Неловко чувствовал я себя в те дни, когда в штольне происходила обивка. Тут я видел полнейшую свою беспомощность и бесполезность, видел, что сижу на плечах у другого. Самое большое, что я мог делать, это держать свечку или наставлять кирку; балдой же работал Семенов или кто другой из силачей. Никто из них, правда, не роптал на меня; но мне самому бывало жалко и противно мое бессилие, мое дворянское худосочие. Слушая, как стонет гора под могучими ударами Семенова и как сам он при каждом взмахе молота рычит, подобно голодному тигру, видя, как трясутся и падают под его балдой увесистые глыбы гранита, казавшиеся мне несокрушимыми твердынями, я, сидя где-нибудь в сторонке на корточках со свечкой в руках, съеживался, скорчивался, душевно и физически превращаясь в настоящего ребенка, которого пугала эта стихийная, всесокрушающая сила… Мне казалось, что сила эта может при желании раздавить меня, как червяка, и что всякое сопротивление с моей стороны будет и смешно и бесполезно.
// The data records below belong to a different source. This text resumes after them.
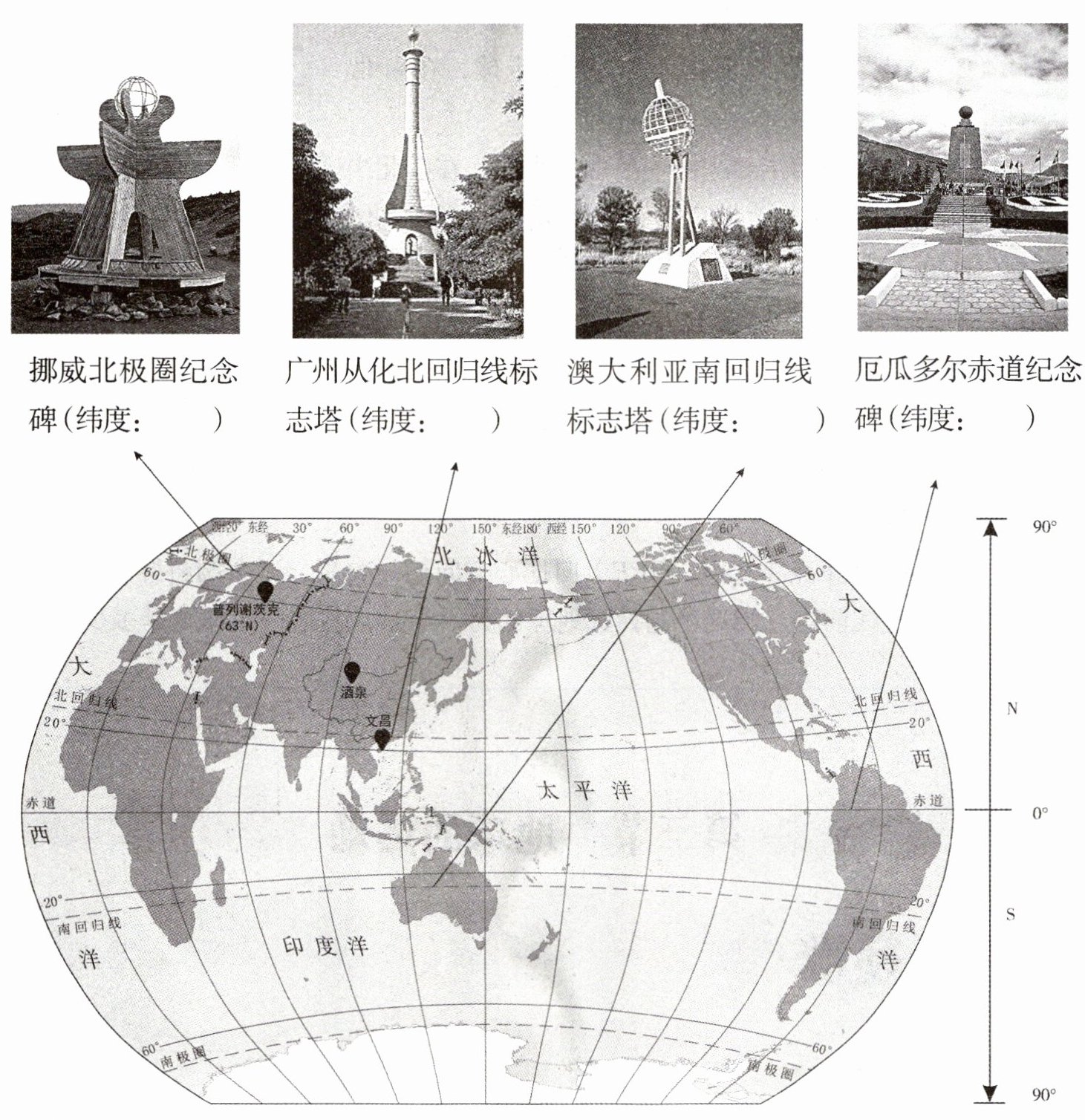 (1)请写出这些纪念碑或标志塔所在纬线的纬度。
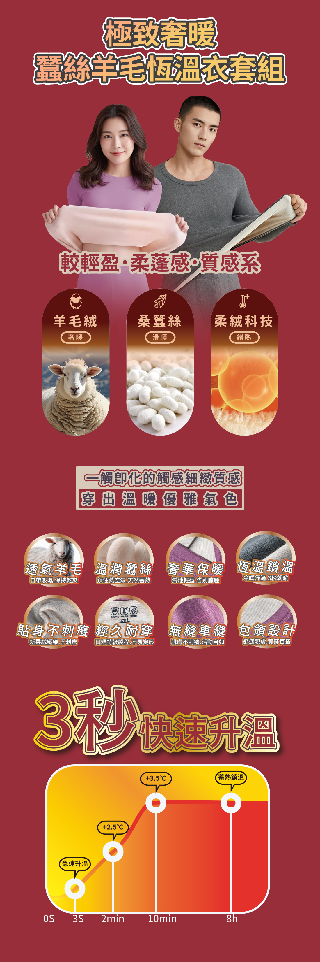 超柔軟科技 羊毛蠶絲恆溫【套裝】上衣+長褲 贈 發熱上衣
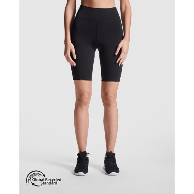 Leggings corti GALES realizzati in poliestere riciclato, progettati per offrire una vestibilità contenitiva. Presentano vita alta in silicone per un comfort ottimale, finiture con taglio laser e cuciture antisfregamento. Realizzati a pezzi per garantire una perfetta aderenza al corpo, sono ideali per attività sportive e quotidiane.
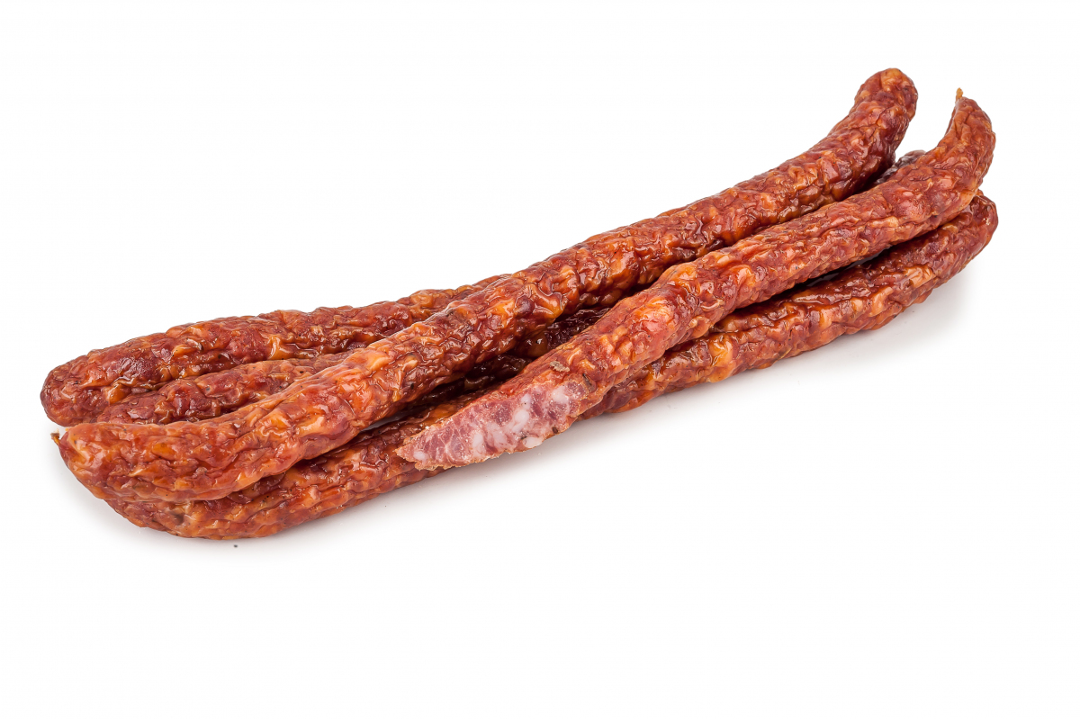 KIEŁBASA WIEPRZOWA ŚREDNIO ROZDROBNIONA, WĘDZONA, PARZONA, SUSZONA, W JELICIE BARANIM.100G KABANOSÓW ZOSTAŁO WYPRODUKOWANE ZE 172,4G MIĘSA WIEPRZOWEGO.SKŁADNIKI: MIĘSO WIEPRZOWE, SÓL, PRZYPRAWY, EKSTRAKTY PRZYPRAW, AROMATY (W TYM NATURALNE), GLUKOZA, SUBSTANCJA KONSERWUJĄCA E250.MOŻE ZAWIERAĆ: MLEKO ŁĄCZNIE Z LAKTOZĄ, SOJĘ, GORCZYCĘ, JAJA, SELER. WARTOŚĆ ODŻYWCZA PRODUKTU W 100G: WARTOŚĆ ENERGETYCZNA 1937 KJ/ 467 KCAL, TŁUSZCZ 38 G, W TYM KWASY TŁUSZCZOWE NASYCONE 15 G, WĘGLOWODANY 2,3 G, W TYM CUKRY 1,4 G, BIAŁKO 28 G, SÓL 2,6 G.PAKOWANO W ATMOSFERZE OCHRONNEJ.

И думалось мне в минуты отчаяния: вот правдивый образ народа и интеллигенции! Как он могуч и как вместе темен и слеп, этот несчастный труженик народ, и как жалка ты, зрячая интеллигенция, пылающая горячей любовью к нему, мечтающая о вселенском братстве и счастье, но имеющая такие слабые руки, такую ничтожную волю для осуществления высокого идеала! Кричи, плачь, взывай — твои вопли бесплодно замрут в глухом лабиринте действительности и не будут услышаны титаном, оглушаемым дикой музыкой своей повседневной работы, этими звуками, от которых вздрагивает мать-земля и с нею наше бессильное, пугливое, сердце. Титан ничего не слышит, весь обливаемый собственным потом и кровью. Он только рычит, как лев, при каждом взмахе своей исполинской руки, и горе, горе тебе, если ты сумеешь оторвать его от этой работы и первый будешь замечен им! Лев растерзает тебя — и что же останется от твоих светлых мечтаний, от твоего горячего, любящего порыва?.. Одни паразиты останутся, чтоб продолжать свое гнусное дело…
— Будем продолжать наше дело, Иван Николаевич! — кричит во все горло Ракитин, появления которого, занятые работой, мы с Семеновым и не заметили. Он кончил свой урок в шахте и теперь прибежал посмотреть, что я делаю.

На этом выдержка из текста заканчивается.